3. To organize the results from all models and replicate our plots, navigate to the analysis directory and run: bash python patho_summary.py

5. TAD Region Recognition

This section describes the workflow for identifying Topologically Associating Domain (TAD) boundaries.

Datasets

The data for this task is located in data_processed/TAD/. This includes data downloaded from (https://console.cloud.google.com/storage/browser/basenji_hic/insulation) and the reference genome files required for sequence generation.

Experimental Pipeline

1. Preprocessing: First, run select_tads.py to choose the TAD regions for analysis. Then, run generate_seqs_from_tads.py and generate_seqs_random.py to generate the positive (TAD boundary) and negative (random non-boundary) DNA sequences.

2. Embedding Generation: In job_scripts directory, run tad_ntv2.py to generate the embeddings for the sequences.

3. Analysis and Plotting: In analysis directory, and run tad_interpret.py to replicate the heatmap plot from our results.

6. Runtime Analysis

This section explains how to replicate the model runtime and throughput analysis.

1. Measure Runtimes: In job_scripts directory, for each foundation model, run its corresponding runtime script. bash python runtime_[model_short_name].py You are encouraged to modify parameters within the script, such as batch_size and sequence_length, or substitute different model checkpoints to test various configurations. The results will be saved to the runtimes/ folder.

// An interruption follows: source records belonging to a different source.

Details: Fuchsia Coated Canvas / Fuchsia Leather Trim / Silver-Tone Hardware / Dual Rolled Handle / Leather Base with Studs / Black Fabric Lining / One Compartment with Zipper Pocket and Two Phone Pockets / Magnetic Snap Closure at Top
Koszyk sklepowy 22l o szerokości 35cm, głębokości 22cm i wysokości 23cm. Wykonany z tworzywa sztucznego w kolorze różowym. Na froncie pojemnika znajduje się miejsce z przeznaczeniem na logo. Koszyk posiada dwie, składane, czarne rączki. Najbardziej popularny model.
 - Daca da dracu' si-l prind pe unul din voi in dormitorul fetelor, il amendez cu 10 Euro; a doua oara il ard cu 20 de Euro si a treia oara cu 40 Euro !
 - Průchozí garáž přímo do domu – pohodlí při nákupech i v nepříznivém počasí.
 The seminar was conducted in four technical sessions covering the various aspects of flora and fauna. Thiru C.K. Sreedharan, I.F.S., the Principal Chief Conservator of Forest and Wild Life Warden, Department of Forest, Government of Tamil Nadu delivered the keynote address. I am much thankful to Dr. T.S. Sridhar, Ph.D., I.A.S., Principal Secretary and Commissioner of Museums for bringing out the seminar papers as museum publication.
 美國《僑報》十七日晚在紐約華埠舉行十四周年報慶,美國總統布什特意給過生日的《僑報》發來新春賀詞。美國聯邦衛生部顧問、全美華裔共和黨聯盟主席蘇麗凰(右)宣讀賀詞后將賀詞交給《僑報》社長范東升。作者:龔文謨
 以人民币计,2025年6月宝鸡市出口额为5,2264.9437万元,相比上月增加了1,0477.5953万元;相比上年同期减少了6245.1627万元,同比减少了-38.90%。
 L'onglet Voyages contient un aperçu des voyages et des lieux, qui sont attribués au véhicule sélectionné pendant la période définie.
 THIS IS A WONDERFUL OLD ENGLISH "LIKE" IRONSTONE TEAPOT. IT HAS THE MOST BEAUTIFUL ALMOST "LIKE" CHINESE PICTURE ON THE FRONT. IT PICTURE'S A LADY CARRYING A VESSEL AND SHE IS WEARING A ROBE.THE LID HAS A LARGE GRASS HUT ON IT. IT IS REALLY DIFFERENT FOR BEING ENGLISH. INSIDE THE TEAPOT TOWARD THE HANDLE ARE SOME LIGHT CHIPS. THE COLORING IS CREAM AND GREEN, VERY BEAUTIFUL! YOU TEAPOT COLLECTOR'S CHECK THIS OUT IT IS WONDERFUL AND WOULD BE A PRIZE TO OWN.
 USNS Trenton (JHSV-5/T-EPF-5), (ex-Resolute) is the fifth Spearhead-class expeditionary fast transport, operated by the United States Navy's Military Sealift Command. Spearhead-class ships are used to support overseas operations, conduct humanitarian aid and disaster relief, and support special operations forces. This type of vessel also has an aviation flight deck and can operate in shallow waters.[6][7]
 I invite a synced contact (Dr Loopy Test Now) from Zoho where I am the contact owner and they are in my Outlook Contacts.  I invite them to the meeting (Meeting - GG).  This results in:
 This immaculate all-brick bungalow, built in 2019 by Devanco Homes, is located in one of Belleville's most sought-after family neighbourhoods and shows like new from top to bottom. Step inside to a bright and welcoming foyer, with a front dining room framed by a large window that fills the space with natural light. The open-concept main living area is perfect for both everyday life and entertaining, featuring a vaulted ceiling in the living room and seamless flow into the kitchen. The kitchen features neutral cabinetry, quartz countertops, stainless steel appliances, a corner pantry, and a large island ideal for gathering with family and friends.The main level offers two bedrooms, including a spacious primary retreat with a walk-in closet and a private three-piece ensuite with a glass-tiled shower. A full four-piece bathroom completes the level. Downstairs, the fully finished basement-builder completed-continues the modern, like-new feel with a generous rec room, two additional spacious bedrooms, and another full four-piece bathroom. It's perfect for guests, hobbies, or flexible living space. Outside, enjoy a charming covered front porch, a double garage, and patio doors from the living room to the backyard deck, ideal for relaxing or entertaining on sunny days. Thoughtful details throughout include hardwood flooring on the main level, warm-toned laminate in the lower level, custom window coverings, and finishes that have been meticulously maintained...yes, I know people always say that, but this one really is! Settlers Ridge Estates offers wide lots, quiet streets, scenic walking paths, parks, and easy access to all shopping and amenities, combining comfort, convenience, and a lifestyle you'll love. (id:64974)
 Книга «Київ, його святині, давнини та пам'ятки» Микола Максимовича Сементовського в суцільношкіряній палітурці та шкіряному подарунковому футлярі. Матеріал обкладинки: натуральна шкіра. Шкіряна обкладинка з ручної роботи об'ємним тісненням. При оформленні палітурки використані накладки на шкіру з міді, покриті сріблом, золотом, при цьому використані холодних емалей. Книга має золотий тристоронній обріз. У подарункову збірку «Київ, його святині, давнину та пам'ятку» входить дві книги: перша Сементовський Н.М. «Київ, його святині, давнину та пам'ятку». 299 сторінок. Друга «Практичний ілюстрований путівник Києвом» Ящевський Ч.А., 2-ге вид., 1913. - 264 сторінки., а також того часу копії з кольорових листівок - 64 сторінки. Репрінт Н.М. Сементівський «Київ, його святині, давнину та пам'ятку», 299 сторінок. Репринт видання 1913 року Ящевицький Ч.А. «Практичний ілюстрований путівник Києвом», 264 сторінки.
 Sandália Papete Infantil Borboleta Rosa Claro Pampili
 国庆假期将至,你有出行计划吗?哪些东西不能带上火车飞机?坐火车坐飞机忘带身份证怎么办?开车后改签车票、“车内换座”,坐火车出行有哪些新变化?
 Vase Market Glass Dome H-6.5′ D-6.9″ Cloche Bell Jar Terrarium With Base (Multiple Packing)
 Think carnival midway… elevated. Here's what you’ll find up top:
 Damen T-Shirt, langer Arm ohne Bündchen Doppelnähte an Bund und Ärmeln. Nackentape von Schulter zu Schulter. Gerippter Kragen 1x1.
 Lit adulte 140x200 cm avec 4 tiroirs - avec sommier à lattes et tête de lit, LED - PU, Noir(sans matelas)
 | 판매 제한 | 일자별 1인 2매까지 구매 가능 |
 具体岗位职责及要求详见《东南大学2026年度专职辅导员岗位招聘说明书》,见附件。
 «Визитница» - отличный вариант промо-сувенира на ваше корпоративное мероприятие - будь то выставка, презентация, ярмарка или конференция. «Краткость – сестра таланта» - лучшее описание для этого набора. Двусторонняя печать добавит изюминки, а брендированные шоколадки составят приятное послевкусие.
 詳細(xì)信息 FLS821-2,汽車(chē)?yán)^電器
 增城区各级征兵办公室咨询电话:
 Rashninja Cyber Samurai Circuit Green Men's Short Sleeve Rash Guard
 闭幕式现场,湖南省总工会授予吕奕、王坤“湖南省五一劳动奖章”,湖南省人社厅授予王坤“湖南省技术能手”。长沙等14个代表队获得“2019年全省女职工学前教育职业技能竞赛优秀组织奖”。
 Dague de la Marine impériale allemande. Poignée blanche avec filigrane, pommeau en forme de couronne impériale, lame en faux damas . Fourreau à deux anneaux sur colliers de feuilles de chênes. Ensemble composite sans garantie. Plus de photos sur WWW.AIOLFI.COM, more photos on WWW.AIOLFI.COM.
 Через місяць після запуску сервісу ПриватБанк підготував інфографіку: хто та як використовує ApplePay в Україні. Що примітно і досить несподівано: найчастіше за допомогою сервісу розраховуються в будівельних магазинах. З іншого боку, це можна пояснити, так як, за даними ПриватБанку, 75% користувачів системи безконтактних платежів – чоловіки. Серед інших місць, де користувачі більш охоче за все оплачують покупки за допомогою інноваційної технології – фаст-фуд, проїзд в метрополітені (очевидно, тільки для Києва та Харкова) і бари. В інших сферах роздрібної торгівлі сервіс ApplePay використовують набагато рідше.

2. Plotting: To visualize the results and replicate our comparison plot, navigate to the analysis directory and run the plotting script plot_runtime.py.

References

1. Zhou, Z. et al. DNABERT-2: Efficient Foundation Model and Benchmark For Multi-Species Genome. Preprint at https://doi.org/10.48550/arXiv.2306.15006 (2024).
2. Dalla-Torre, H. et al. Nucleotide Transformer: building and evaluating robust foundation models for human genomics. Nat Methods 22, 287–297 (2025).
3. Nguyen, E. et al. HyenaDNA: long-range genomic sequence modeling at single nucleotide resolution. In Proceedings of the 37th International Conference on Neural Information Processing Systems (2023).
4. Schiff, Y. et al. Caduceus: Bi-Directional Equivariant Long-Range DNA Sequence Modeling. Preprint at https://doi.org/10.48550/arXiv.2403.03234 (2024).
5. Sanabria, M., Hirsch, J., Joubert, P. M. & Poetsch, A. R. DNA language model GROVER learns sequence context in the human genome. Nat Mach Intell 6, 911–923 (2024).
6. Avsec, Ž. et al. Effective gene expression prediction from sequence by integrating long-range interactions. Nat Methods 18, 1196–1203 (2021).